_Task requirements_
What is needed is an exact reproduction of the lines in the records below, starting at the line with "The towers of" and ending at the line with "신한 마이샵 파트너는", both included, and nothing else; pictures stay out.

::::

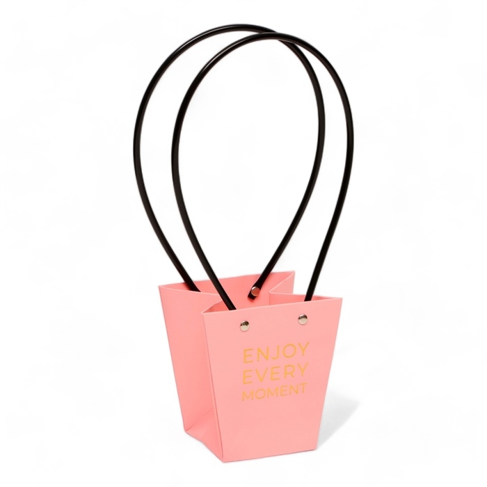 Сумка для цветов розовая Enjoy Every moment влагостойкая 12x12-8x8-12.5 см
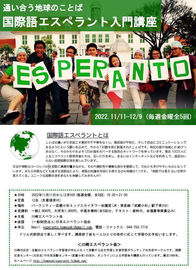11/11~12/9(金) 川崎:通いあう地球のことば 国際語エスペラント入門講座
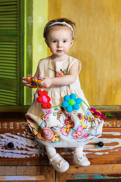 Батик, ручная роспись по тканиПлатье из 100% льна - коллекция «Я люблю мед». Веселые мордашки, пчелки и цветочки - настоящее веселье для детства .
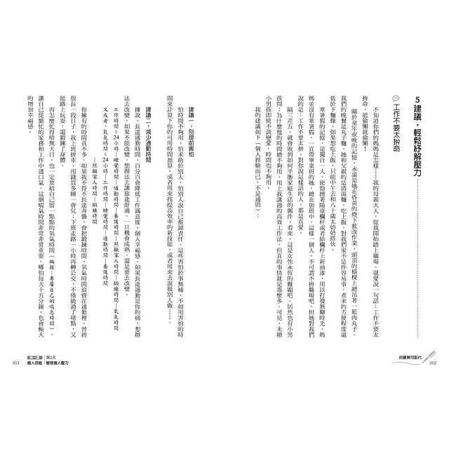 .2:管理個人壓力:來自工作和家庭的壓力常讓你喘不過氣?想要高人一等,就是要平衡兩者壓力。作者教你,善用自己專屬的「氧氣時間」,平衡自己、負面情緒轉正、增加幸福感。
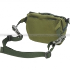 Длина поясного ремешка регулируется. При необходимости ремешок можно полностью отстегнуть и закрепить сумку под передним клапаном бронежилета на велкро-липучках. На задней стенке имеется отделение-карман с извлекаемыми стропами с велкро для этой цели.
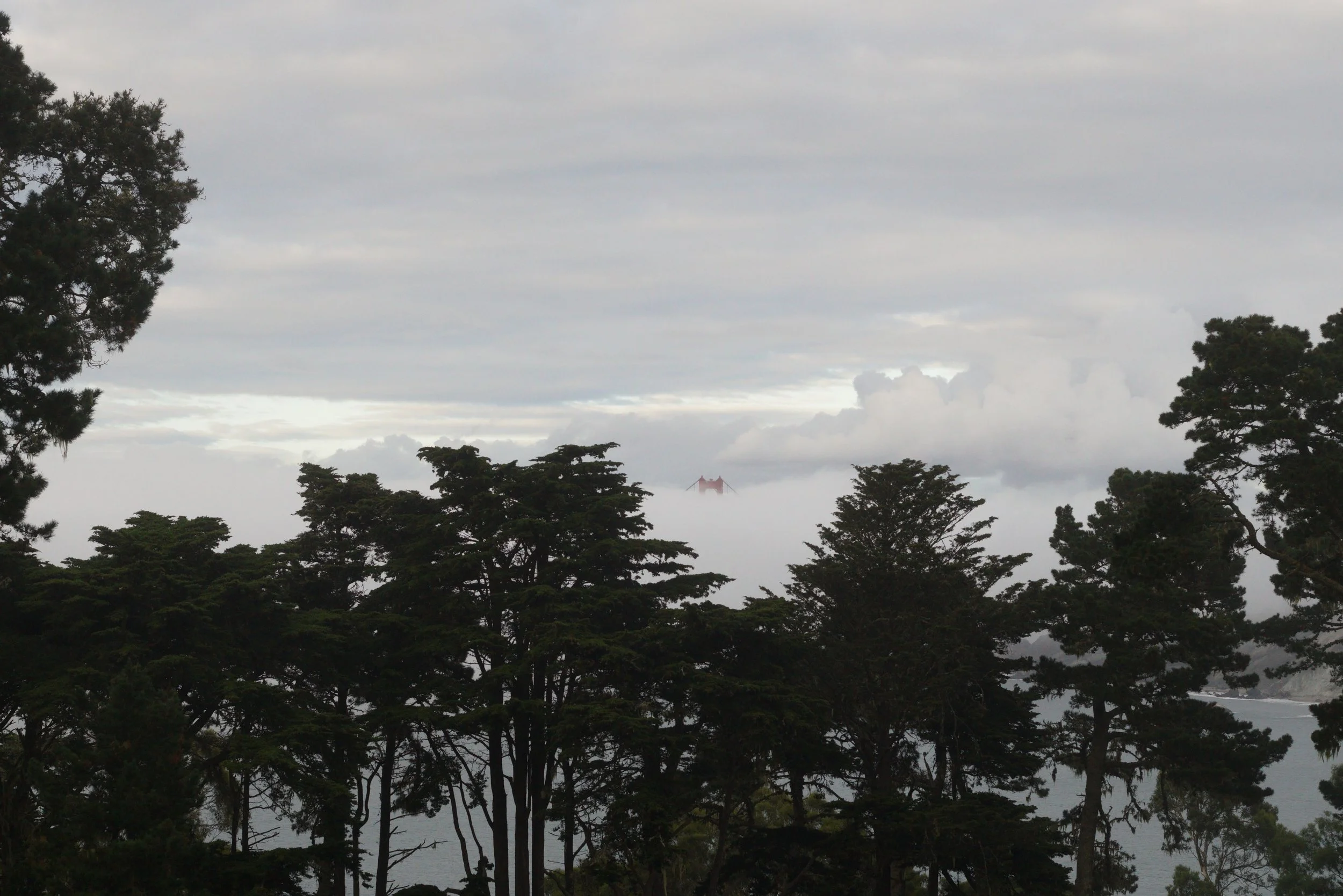 The towers of the Golden Gate Bridge are peeking out above the cloud layer
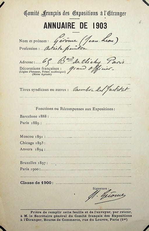 [Comité français des expositions à l'étranger] Jean-Léon Gérôme (1824-1904), peintre, sculpteur, graveur. P.A.S., sd [1903], 1P in-8. Feuillet pour faire partie de l'annuaire du comité pour 1903. [452]
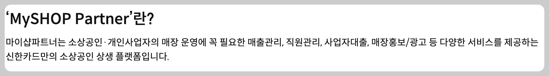 신한 마이샵 파트너는 소상공인 ·자영업자·개인사업자의 매장 운영에 필요한 매출관리, 직원관리, 사업자대출, 매장홍보, 매장광고 등 다양한 서비스를 제공하는 신한카드사의 소상공인 상생 플랫폼 서비스입니다.
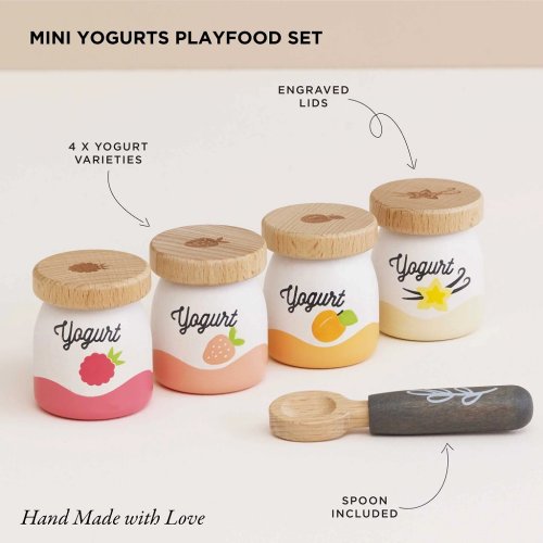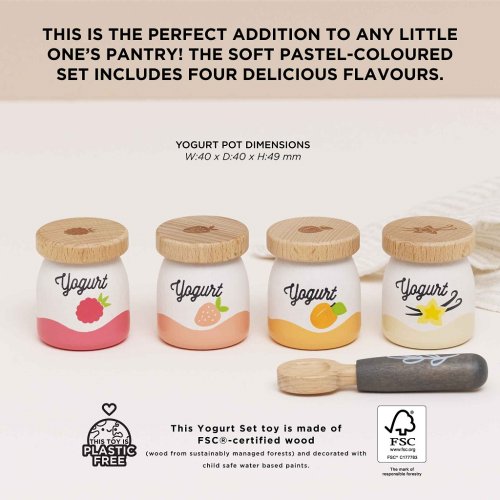 Zdravý start každého dne! Dřevěné hrací jídlo je skvělým způsobem, jak se děti seznámit s důležitostí zdravé a vyvážené stravy. Tato sada obsahuje čtyři dřevěné makety jogurtů s příchutí broskve, vanilky, maliny, jahody a jednu dřevěnou lžičku. Sada je vhodná také jako dárek. Podporuje rozvoj sociálních dovedností, inspiruje k nápadité hře a pomáhá zdokonalovat jemnou motoriku. Vyrobeno ze dřeva s certifikací FSC® (z lesů obhospodařovaných udržitelným způsobem), dekorováno netoxickými barvami na bázi vody, které jsou bezpečné pro děti.Hračky s účelemVšechny hračky firmy Le Toy Van jsou vyrobeny s cílem – aby dlouho vydržely. Designovány s láskou zkušenými řemeslníky za použití etických praktik a udržitelných materiálů, které jsou laskavější k naší planetě. Hlavní vlastnosti: vyrobeno z dřeva s certifikátem FSC®malováno netoxickými barvami na bázi vodytestováno dle nejpřísnějších standardůobsahuje 4 jogurty a jednu lžičkuhračka bez plastů Značka a certifikát FSC® (Forest Stewardship Council) zaručuje, že dřevo, ze kterého byl produkt vyroben, nebylo vytěženo nelegálně a pochází z lesů obhospodařovaných šetrným či přírodě blízkým způsobem, ve kterém jsou dodržovány přísné environmentální a sociální požadavky. Značka FSC® na výrobku znamená, že svým nákupem pomáháte chránit lesy a podporujete šetrné, odpovědné či přírodě blízké hospodaření, díky kterému jsou naše lesy stabilnější, zdravější, mají přirozenou druhovou skladbu a lépe odolávají negativním následkům klimatických změn.

::::

_Answer box_
 The towers of the Golden Gate Bridge are peeking out above the cloud layer
 [Comité français des expositions à l'étranger] Jean-Léon Gérôme (1824-1904), peintre, sculpteur, graveur. P.A.S., sd [1903], 1P in-8. Feuillet pour faire partie de l'annuaire du comité pour 1903. [452]
 신한 마이샵 파트너는 소상공인 ·자영업자·개인사업자의 매장 운영에 필요한 매출관리, 직원관리, 사업자대출, 매장홍보, 매장광고 등 다양한 서비스를 제공하는 신한카드사의 소상공인 상생 플랫폼 서비스입니다.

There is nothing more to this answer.